Sterocleidomastoid tumor of infancy (SCMI), also known as fibromatosis colli of infancy, is a benign, self limiting disease of new born characterised by its classical history and clinical presentation of firm to hard fusiform mass in the lower and middle portion of sternocleidomastoid. SCMI often appears during early perinatal period between second to fourth weeks of life. A well recognized association between SCMI and primiparous birth, breech presentation, prolonged difficult labor and forceps deliveries is found. Cytology shows spindle shaped mature fibroblastic cells scattered singly along with degenerated and multinucleated giant muscle cells in a clean background.
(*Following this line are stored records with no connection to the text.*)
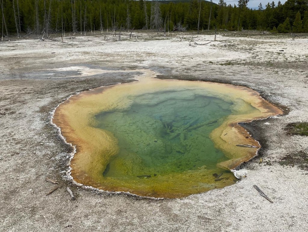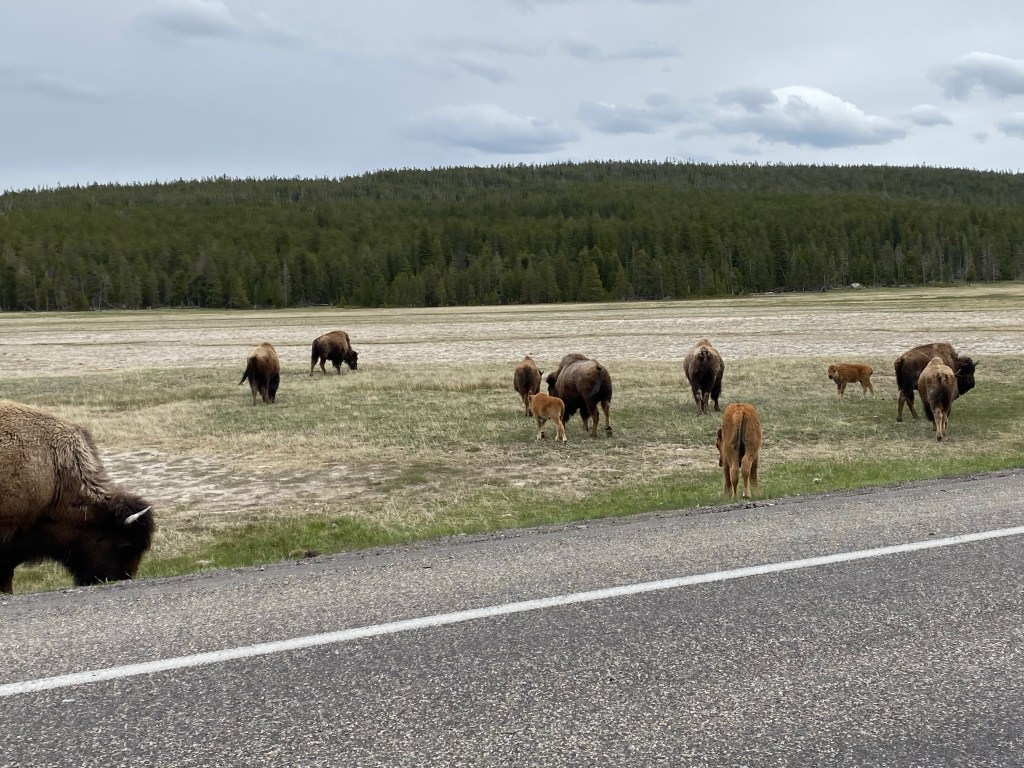 Saturday we made our way to Yellowstone National Park. We saw some elk, antelope, maybe a bear & lots of bison. The last time we were there, it was winter – so it was great to see everything lush and green. They’ve had more rain than normal, so the rivers were flowing rapidly and the grass was getting long. While Dallas and Cameron fished, Myles and I checked out the geysers and hot springs. We had little to no internet or cell service – it was perfect (except for trying to contact the fishermen who had wandered up stream). A day to disconnect and reconnect with nature. Despite someone getting thrown in the air by a bison recently, people still walked way too close to them to get a photo. Their heads are large & strong and they can run 35 mph. “Do not pet the fluffy cows!” And this time of year, there were a bunch of bison calves, so the moms were extra protective.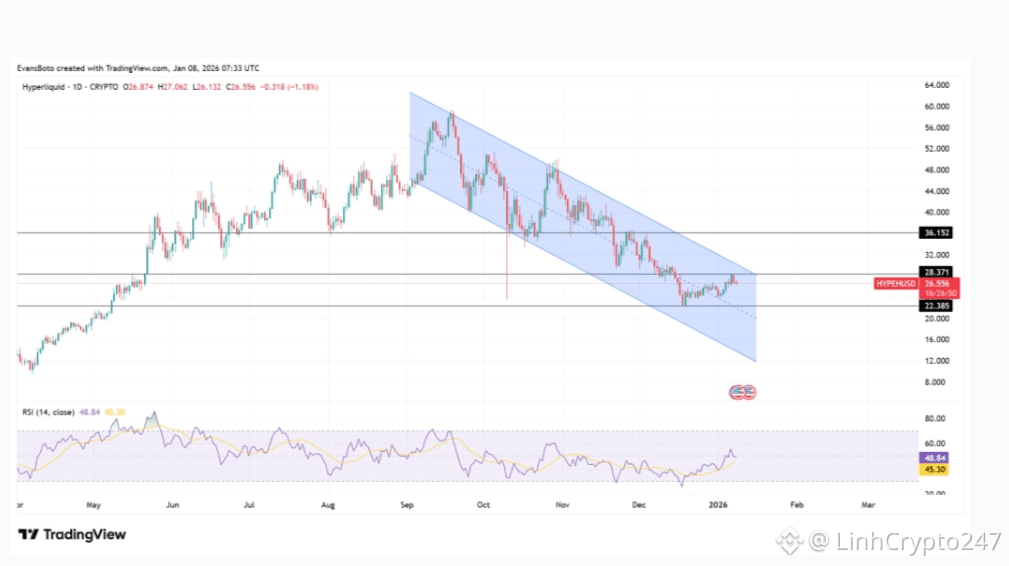 On the daily chart, HYPE remains firmly confined within a well-defined descending channel, characterized by a sequence of lower highs since September.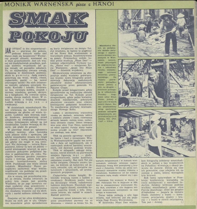 Archiwum / korespondencja własna "Przekroju" nr 1454 (07/1973) 25/163 Podziel się Tytuł Smak pokoju Autor Monika Warneńska Rubryka korespondencja własna "Przekroju" Artykuł z numeru 1454 (7/1973) Data wydania 18 lutego 1973 Tagi wietnam Hanoi społeczeństwo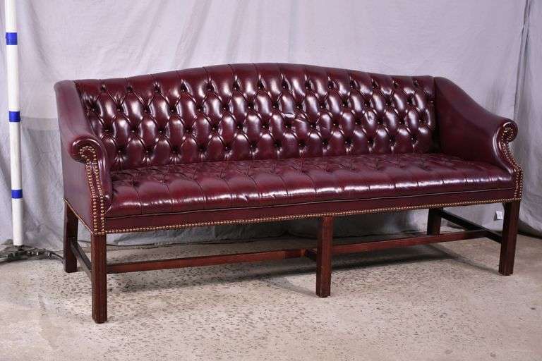 Burgundy tufted leather sofa; 1054-1450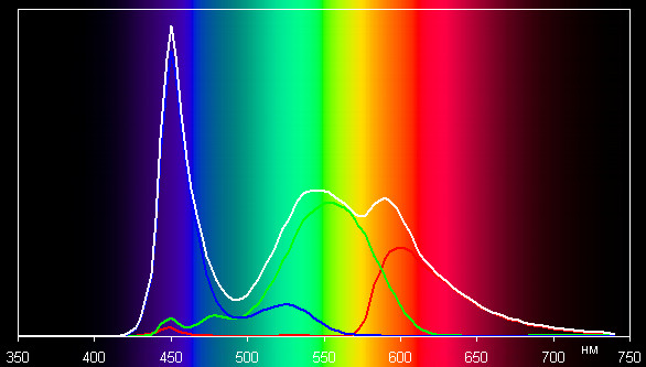 Видимо, светофильтры матрицы подмешивают компоненты друг к другу. Спектры это подтверждают:

It is important to differentiate this lesion from different forms of infantile fibromatosis. Fine-needle aspiration cytology (FNAC), as a time saving, rapid and reliable diagnostic procedure, has got bigger role to play in reassurance of anxious parents, guiding for conservative management and avoiding surgery.

摘要

婴儿胸锁乳突肌肿瘤(SCMI),也称为婴儿颈部纤维瘤病,是一种新生儿的良性自限性疾病,其典型病史和临床表现为胸锁乳突肌中下部分出现质地坚硬至硬的梭形肿块。SCMI通常出现在围产期早期,即出生后第二至第四周。人们发现SCMI与初产、臀位产、产程延长困难和产钳分娩之间存在明确的关联。细胞学检查显示梭形成熟成纤维细胞单独散在分布,背景清晰,伴有退化的多核巨肌细胞。将此病变与不同形式的婴儿纤维瘤病进行鉴别很重要。细针穿刺细胞学检查(FNAC)作为一种省时、快速且可靠的诊断方法,在安抚焦虑的父母、指导保守治疗和避免手术方面发挥着更大的作用。